■ Work instructions ■
Below, find the line containing "Держатель поручня к" and the line containing "An additional touch"; reproduce exactly those two and every line between them, omitting pictures.

■ Given records ■
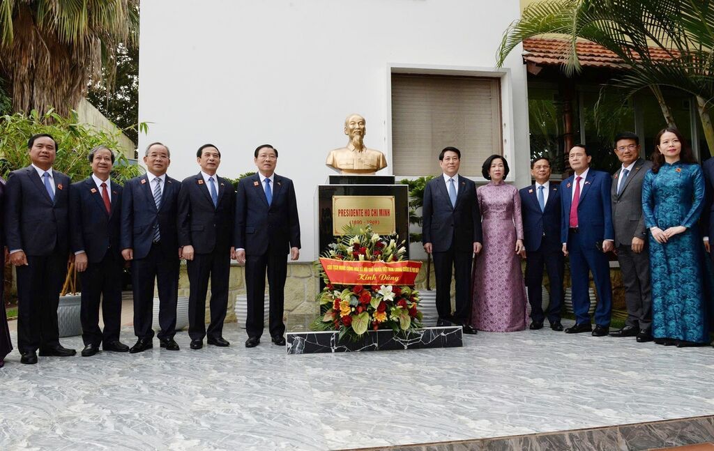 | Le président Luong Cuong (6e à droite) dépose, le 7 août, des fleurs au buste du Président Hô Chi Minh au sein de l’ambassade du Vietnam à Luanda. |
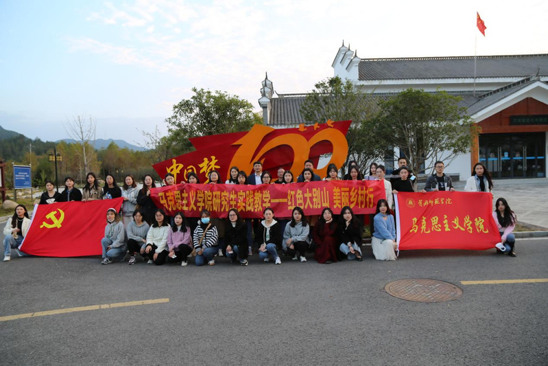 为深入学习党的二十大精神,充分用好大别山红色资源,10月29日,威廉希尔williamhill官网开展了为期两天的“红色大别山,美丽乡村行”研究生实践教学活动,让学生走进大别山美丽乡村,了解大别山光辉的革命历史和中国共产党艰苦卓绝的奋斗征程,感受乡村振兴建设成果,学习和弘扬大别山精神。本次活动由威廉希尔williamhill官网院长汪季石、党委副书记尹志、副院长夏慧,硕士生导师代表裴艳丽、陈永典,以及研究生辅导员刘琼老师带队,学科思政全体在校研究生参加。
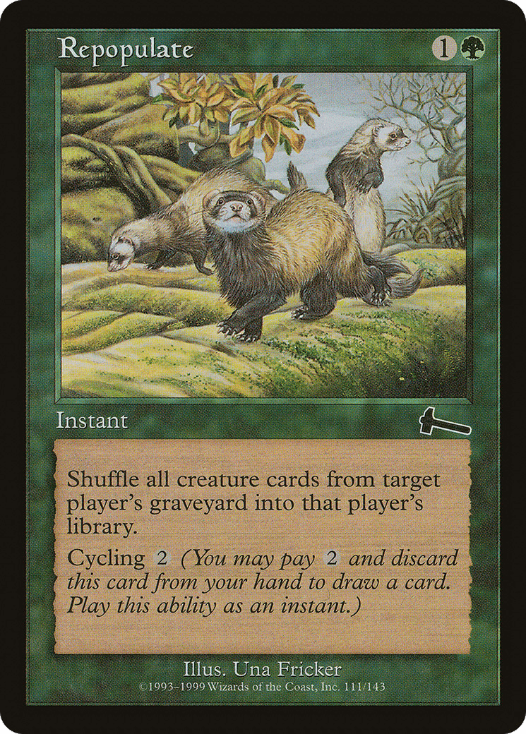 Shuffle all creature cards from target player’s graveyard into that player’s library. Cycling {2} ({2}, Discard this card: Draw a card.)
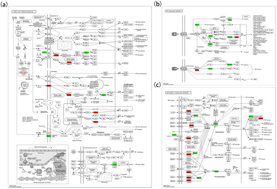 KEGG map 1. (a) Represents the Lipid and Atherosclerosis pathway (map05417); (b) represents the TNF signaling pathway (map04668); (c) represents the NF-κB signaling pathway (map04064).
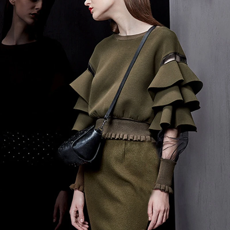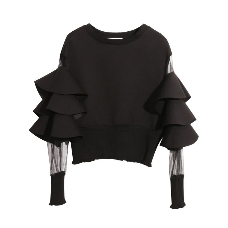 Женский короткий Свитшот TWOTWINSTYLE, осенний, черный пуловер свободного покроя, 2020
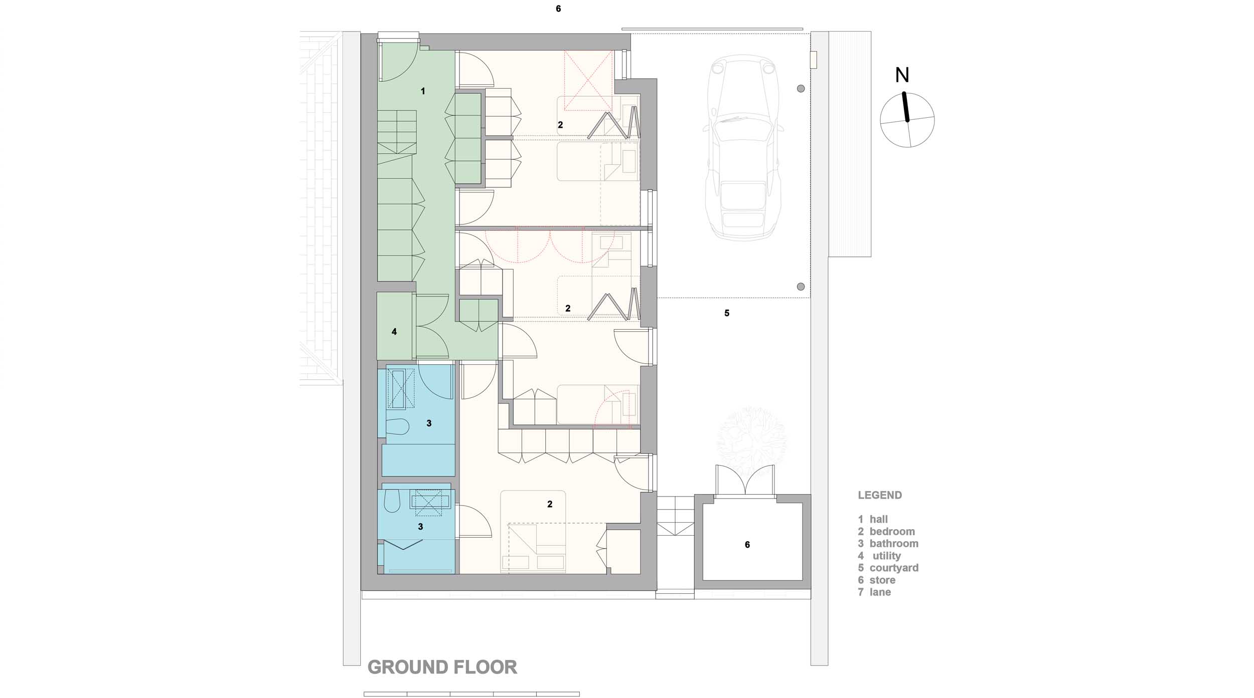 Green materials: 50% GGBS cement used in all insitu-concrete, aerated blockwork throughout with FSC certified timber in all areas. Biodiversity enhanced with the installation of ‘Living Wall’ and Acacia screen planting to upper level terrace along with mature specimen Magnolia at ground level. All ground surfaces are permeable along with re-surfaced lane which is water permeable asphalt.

==

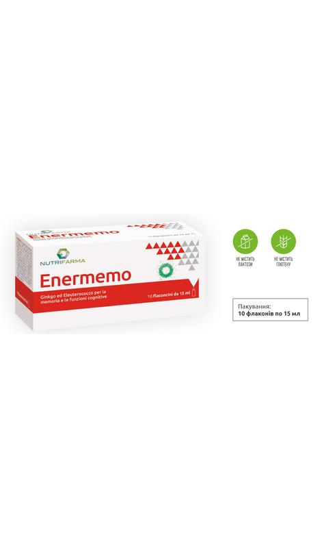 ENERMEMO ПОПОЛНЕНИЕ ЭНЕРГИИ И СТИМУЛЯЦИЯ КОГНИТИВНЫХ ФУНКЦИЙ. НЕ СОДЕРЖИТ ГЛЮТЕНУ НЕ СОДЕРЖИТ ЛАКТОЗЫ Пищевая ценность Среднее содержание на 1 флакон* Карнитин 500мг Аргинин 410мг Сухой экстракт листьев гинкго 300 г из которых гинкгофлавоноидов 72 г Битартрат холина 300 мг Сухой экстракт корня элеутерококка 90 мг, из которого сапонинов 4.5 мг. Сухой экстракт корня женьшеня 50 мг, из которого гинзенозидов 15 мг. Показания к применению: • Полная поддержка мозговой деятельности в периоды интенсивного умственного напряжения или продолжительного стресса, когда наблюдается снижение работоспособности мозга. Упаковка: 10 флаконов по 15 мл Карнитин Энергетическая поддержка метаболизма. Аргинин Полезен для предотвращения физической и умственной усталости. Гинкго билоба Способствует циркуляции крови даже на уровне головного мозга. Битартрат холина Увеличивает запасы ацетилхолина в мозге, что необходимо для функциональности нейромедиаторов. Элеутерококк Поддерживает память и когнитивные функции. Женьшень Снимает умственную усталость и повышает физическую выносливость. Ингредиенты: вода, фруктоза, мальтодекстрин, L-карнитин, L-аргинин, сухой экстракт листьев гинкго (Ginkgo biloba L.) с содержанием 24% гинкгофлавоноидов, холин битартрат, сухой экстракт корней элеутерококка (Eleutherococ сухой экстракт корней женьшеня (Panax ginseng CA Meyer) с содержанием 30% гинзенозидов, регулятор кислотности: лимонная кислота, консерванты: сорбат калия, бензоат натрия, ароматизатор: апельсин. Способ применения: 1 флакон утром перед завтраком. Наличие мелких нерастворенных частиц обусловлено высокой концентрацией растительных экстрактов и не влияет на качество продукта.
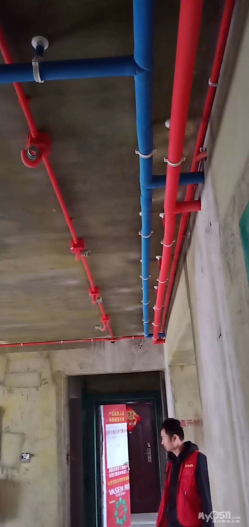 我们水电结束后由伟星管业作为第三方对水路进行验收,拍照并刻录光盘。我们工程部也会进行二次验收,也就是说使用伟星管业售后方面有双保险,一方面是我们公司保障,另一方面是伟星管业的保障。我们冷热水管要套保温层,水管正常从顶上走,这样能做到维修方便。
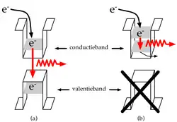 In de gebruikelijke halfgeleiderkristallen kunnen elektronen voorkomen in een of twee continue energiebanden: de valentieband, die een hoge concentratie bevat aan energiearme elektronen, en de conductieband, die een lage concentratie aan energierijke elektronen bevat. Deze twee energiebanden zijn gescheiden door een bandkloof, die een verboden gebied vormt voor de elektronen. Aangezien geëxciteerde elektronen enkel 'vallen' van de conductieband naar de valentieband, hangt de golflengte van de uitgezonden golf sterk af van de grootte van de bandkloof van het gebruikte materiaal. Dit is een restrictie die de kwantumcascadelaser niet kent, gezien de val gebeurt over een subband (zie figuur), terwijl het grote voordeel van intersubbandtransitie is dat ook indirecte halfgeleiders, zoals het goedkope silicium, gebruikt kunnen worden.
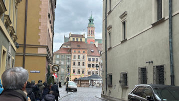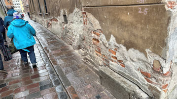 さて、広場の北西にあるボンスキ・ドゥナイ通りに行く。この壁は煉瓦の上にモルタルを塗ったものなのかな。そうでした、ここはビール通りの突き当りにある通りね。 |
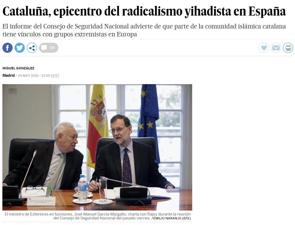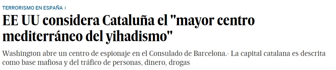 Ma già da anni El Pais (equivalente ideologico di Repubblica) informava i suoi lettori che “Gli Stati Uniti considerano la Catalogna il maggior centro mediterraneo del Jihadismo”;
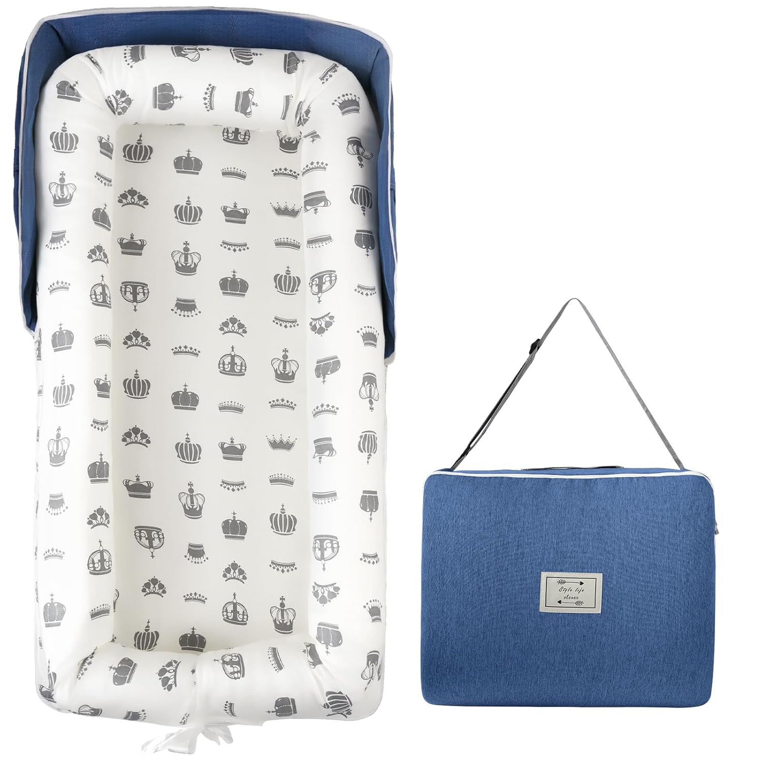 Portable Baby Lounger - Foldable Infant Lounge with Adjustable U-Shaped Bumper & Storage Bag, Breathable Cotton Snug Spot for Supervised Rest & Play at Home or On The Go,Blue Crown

==

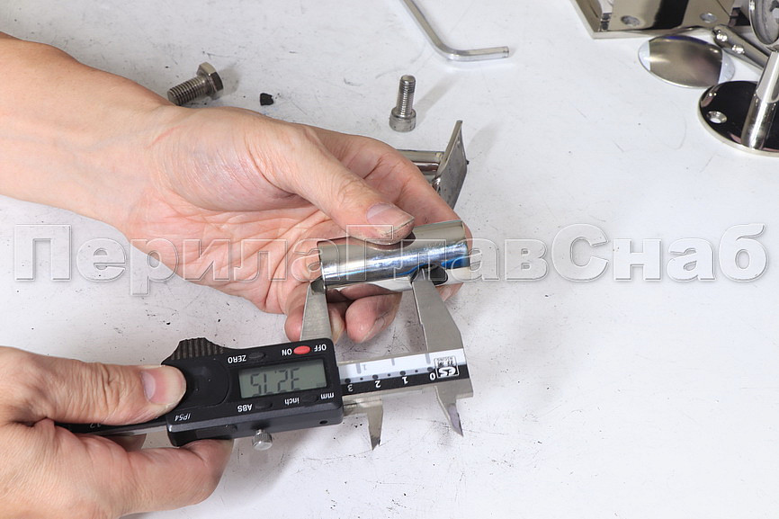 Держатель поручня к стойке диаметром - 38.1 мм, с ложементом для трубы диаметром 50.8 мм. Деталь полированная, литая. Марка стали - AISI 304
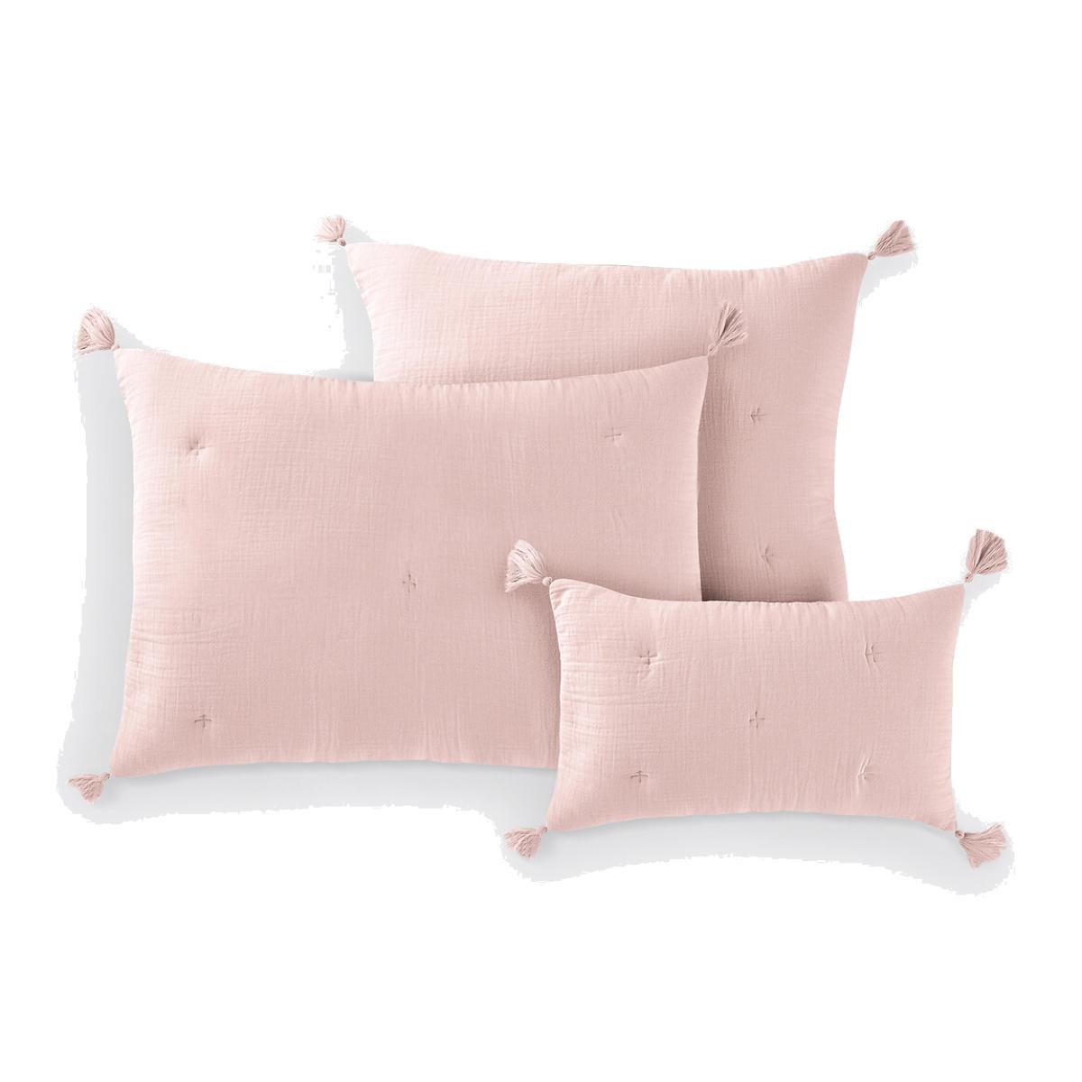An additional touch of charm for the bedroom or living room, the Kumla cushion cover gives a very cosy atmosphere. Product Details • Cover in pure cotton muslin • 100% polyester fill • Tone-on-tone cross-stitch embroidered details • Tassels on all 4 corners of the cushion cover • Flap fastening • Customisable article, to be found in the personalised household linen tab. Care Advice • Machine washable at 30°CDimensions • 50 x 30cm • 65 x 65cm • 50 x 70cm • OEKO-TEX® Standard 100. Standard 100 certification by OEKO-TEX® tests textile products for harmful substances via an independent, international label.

■ Finished task ■
 Держатель поручня к стойке диаметром - 38.1 мм, с ложементом для трубы диаметром 50.8 мм. Деталь полированная, литая. Марка стали - AISI 304
An additional touch of charm for the bedroom or living room, the Kumla cushion cover gives a very cosy atmosphere. Product Details • Cover in pure cotton muslin • 100% polyester fill • Tone-on-tone cross-stitch embroidered details • Tassels on all 4 corners of the cushion cover • Flap fastening • Customisable article, to be found in the personalised household linen tab. Care Advice • Machine washable at 30°CDimensions • 50 x 30cm • 65 x 65cm • 50 x 70cm • OEKO-TEX® Standard 100. Standard 100 certification by OEKO-TEX® tests textile products for harmful substances via an independent, international label.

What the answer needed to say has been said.